§ **REQUIRED ACTION**:
Each record below needs to be written out exactly as it appears.

(Items from a dataset)
--*--
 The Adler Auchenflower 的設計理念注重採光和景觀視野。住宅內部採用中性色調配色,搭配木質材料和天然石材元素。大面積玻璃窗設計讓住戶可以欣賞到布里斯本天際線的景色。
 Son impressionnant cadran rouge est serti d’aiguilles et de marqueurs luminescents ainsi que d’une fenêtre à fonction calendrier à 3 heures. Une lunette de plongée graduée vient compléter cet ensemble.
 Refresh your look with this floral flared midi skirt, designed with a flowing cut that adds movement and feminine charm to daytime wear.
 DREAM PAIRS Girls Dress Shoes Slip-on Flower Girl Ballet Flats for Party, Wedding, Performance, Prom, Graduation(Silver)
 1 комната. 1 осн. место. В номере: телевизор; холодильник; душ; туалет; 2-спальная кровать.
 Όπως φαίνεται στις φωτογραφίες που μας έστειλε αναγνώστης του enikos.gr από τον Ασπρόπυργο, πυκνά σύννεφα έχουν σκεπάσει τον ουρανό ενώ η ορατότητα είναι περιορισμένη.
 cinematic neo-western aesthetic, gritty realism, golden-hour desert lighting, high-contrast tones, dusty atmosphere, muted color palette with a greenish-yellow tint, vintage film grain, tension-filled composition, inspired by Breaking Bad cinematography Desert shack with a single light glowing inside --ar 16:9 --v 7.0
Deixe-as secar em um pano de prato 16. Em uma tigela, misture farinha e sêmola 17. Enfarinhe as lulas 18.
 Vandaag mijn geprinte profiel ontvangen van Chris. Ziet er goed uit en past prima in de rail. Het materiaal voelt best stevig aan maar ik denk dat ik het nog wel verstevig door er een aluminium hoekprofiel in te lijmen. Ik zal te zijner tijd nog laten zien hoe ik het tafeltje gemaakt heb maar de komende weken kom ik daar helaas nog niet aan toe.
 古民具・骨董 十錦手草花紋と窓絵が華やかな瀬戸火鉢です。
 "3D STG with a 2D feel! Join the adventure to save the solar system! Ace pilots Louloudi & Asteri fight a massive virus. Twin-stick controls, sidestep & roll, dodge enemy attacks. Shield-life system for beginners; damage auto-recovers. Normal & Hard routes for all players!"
--*--
§ **TASK RESPONSE**:
 The Adler Auchenflower 的設計理念注重採光和景觀視野。住宅內部採用中性色調配色,搭配木質材料和天然石材元素。大面積玻璃窗設計讓住戶可以欣賞到布里斯本天際線的景色。
 Son impressionnant cadran rouge est serti d’aiguilles et de marqueurs luminescents ainsi que d’une fenêtre à fonction calendrier à 3 heures. Une lunette de plongée graduée vient compléter cet ensemble.
 Refresh your look with this floral flared midi skirt, designed with a flowing cut that adds movement and feminine charm to daytime wear.
 DREAM PAIRS Girls Dress Shoes Slip-on Flower Girl Ballet Flats for Party, Wedding, Performance, Prom, Graduation(Silver)
 1 комната. 1 осн. место. В номере: телевизор; холодильник; душ; туалет; 2-спальная кровать.
 Όπως φαίνεται στις φωτογραφίες που μας έστειλε αναγνώστης του enikos.gr από τον Ασπρόπυργο, πυκνά σύννεφα έχουν σκεπάσει τον ουρανό ενώ η ορατότητα είναι περιορισμένη.
 cinematic neo-western aesthetic, gritty realism, golden-hour desert lighting, high-contrast tones, dusty atmosphere, muted color palette with a greenish-yellow tint, vintage film grain, tension-filled composition, inspired by Breaking Bad cinematography Desert shack with a single light glowing inside --ar 16:9 --v 7.0
Deixe-as secar em um pano de prato 16. Em uma tigela, misture farinha e sêmola 17. Enfarinhe as lulas 18.
 Vandaag mijn geprinte profiel ontvangen van Chris. Ziet er goed uit en past prima in de rail. Het materiaal voelt best stevig aan maar ik denk dat ik het nog wel verstevig door er een aluminium hoekprofiel in te lijmen. Ik zal te zijner tijd nog laten zien hoe ik het tafeltje gemaakt heb maar de komende weken kom ik daar helaas nog niet aan toe.
 古民具・骨董 十錦手草花紋と窓絵が華やかな瀬戸火鉢です。
 "3D STG with a 2D feel! Join the adventure to save the solar system! Ace pilots Louloudi & Asteri fight a massive virus. Twin-stick controls, sidestep & roll, dodge enemy attacks. Shield-life system for beginners; damage auto-recovers. Normal & Hard routes for all players!"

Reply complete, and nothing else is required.